What is being asked: From the first line to the last, repeat the data exactly and drop the pictures.

Supplied information:
=======

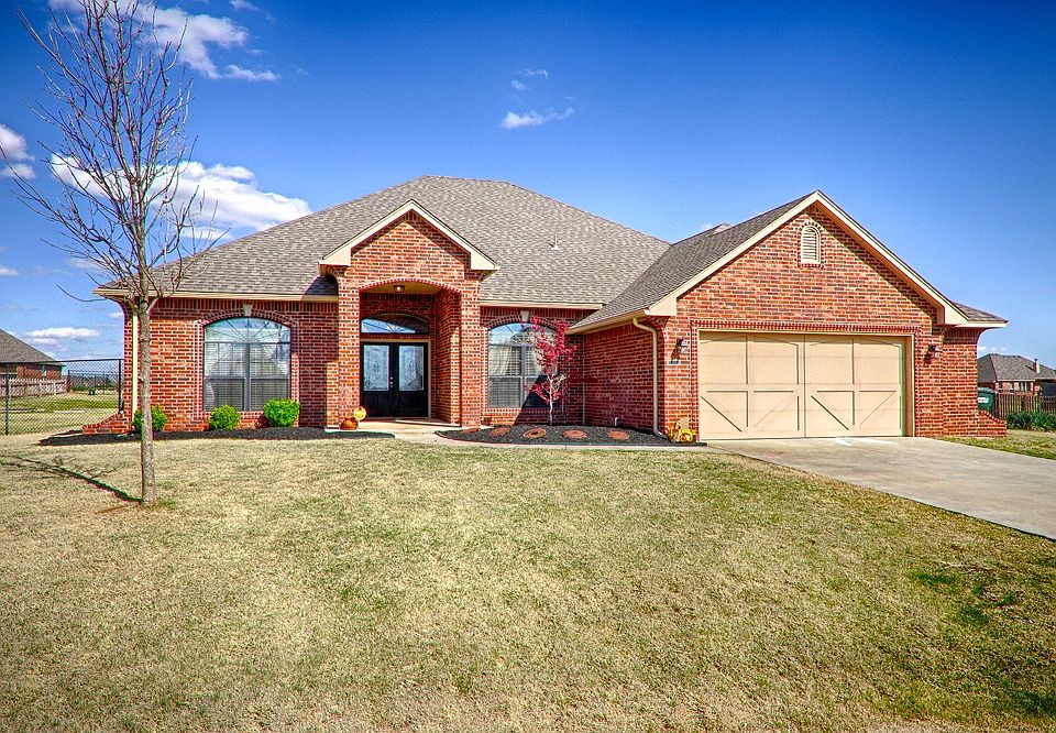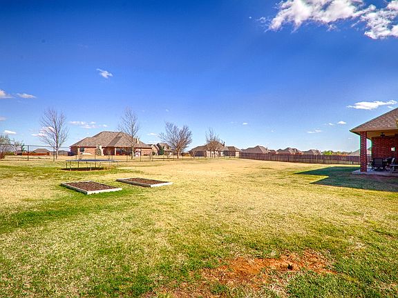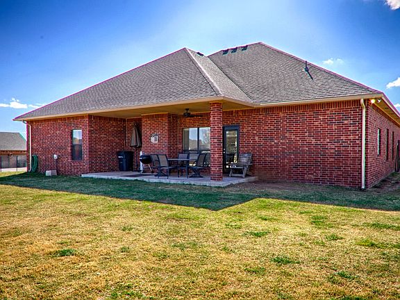 NEW LOWER PRICE! Within 15 minutes from the Kilpatrick Turnpike! This home is on a .75 acre lot in Deer Creek Schools! Flexible floor plan w/ Family Room and 2 BONUS ROOMS that can make a great media room, office, or even a formal dining. Open concept kitchen, dining, and family room! Family room w/crown molding & upgraded scored stained concrete floors to look like gorgeous tile. Kitchen has lots of custom cabinets, a large island, breakfast bar, pantry, & stainless appliances. SPLIT FLOOR PLAN. All bedrooms have carpeting and large walk in closets that accommodate a 3 tier hanging system. Master Bath features separate double vanities, whirlpool tub, and walk-in shower. Jack& Jill Bath w/ double vanities, tub & shower combo. Large Utility Room w/tons of storage. 2.5 Car Garage w/LARGE IN GROUND STORM SHELTER that fits up to 10. Sprinkler system. Water Softener. Covered Patio w/ ceiling fan. Hot water tank 2015. Roof 2014. Fridge, washer, and dryer negotiable with good offer!
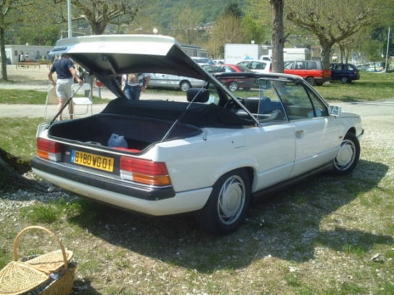 N’allez pas croire qu’il a suffit d’enlever le toit. Non le travail a été plus profond, et montre bien les compétences du carrossier belge, qui justifièrent la confiance que Renault avait en lui à l’époque (mais, on l’a vu, la mort de Georges Besse changea la donne). En effet, le cabriolet R25 V6 Turbo est une vrai deux portes, exit les deux portes arrières. De même, le coffre a été totalement transformé pour préserver la ligne fluide du cabriolet 25.
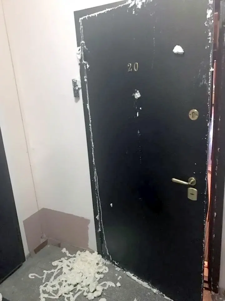 — Было без двадцати семь утра. Замки в порядке, открываются, а дверь не поддается. Позвонила друзьям, те приехали, посмотрели, сказали, что дверь залита монтажной пеной, я им скинула ключи с балкона, снаружи удалось меня вызволить. Потом вызвали полицию. У Алены было то же самое в то же самое время, — Ксения рассказывает, как началось утро 17 марта, когда в Томске Навальный должен был провести встречу с волонтерами. Судя по записям камер наблюдения в подъезде, двое «монтажников» приходили около 4-5 утра, в «мертвый час», как это время называют иногда в полиции. Все крепко спят, вероятность нарваться на кого-то минимальная.
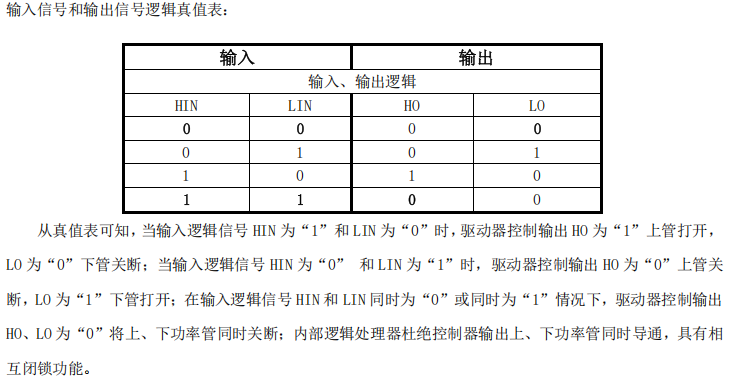 - HIN与LIN均为高电平有效,均内置200kΩ下拉电阻。

=======

The answer:
 NEW LOWER PRICE! Within 15 minutes from the Kilpatrick Turnpike! This home is on a .75 acre lot in Deer Creek Schools! Flexible floor plan w/ Family Room and 2 BONUS ROOMS that can make a great media room, office, or even a formal dining. Open concept kitchen, dining, and family room! Family room w/crown molding & upgraded scored stained concrete floors to look like gorgeous tile. Kitchen has lots of custom cabinets, a large island, breakfast bar, pantry, & stainless appliances. SPLIT FLOOR PLAN. All bedrooms have carpeting and large walk in closets that accommodate a 3 tier hanging system. Master Bath features separate double vanities, whirlpool tub, and walk-in shower. Jack& Jill Bath w/ double vanities, tub & shower combo. Large Utility Room w/tons of storage. 2.5 Car Garage w/LARGE IN GROUND STORM SHELTER that fits up to 10. Sprinkler system. Water Softener. Covered Patio w/ ceiling fan. Hot water tank 2015. Roof 2014. Fridge, washer, and dryer negotiable with good offer!
 N’allez pas croire qu’il a suffit d’enlever le toit. Non le travail a été plus profond, et montre bien les compétences du carrossier belge, qui justifièrent la confiance que Renault avait en lui à l’époque (mais, on l’a vu, la mort de Georges Besse changea la donne). En effet, le cabriolet R25 V6 Turbo est une vrai deux portes, exit les deux portes arrières. De même, le coffre a été totalement transformé pour préserver la ligne fluide du cabriolet 25.
 — Было без двадцати семь утра. Замки в порядке, открываются, а дверь не поддается. Позвонила друзьям, те приехали, посмотрели, сказали, что дверь залита монтажной пеной, я им скинула ключи с балкона, снаружи удалось меня вызволить. Потом вызвали полицию. У Алены было то же самое в то же самое время, — Ксения рассказывает, как началось утро 17 марта, когда в Томске Навальный должен был провести встречу с волонтерами. Судя по записям камер наблюдения в подъезде, двое «монтажников» приходили около 4-5 утра, в «мертвый час», как это время называют иногда в полиции. Все крепко спят, вероятность нарваться на кого-то минимальная.
 - HIN与LIN均为高电平有效,均内置200kΩ下拉电阻。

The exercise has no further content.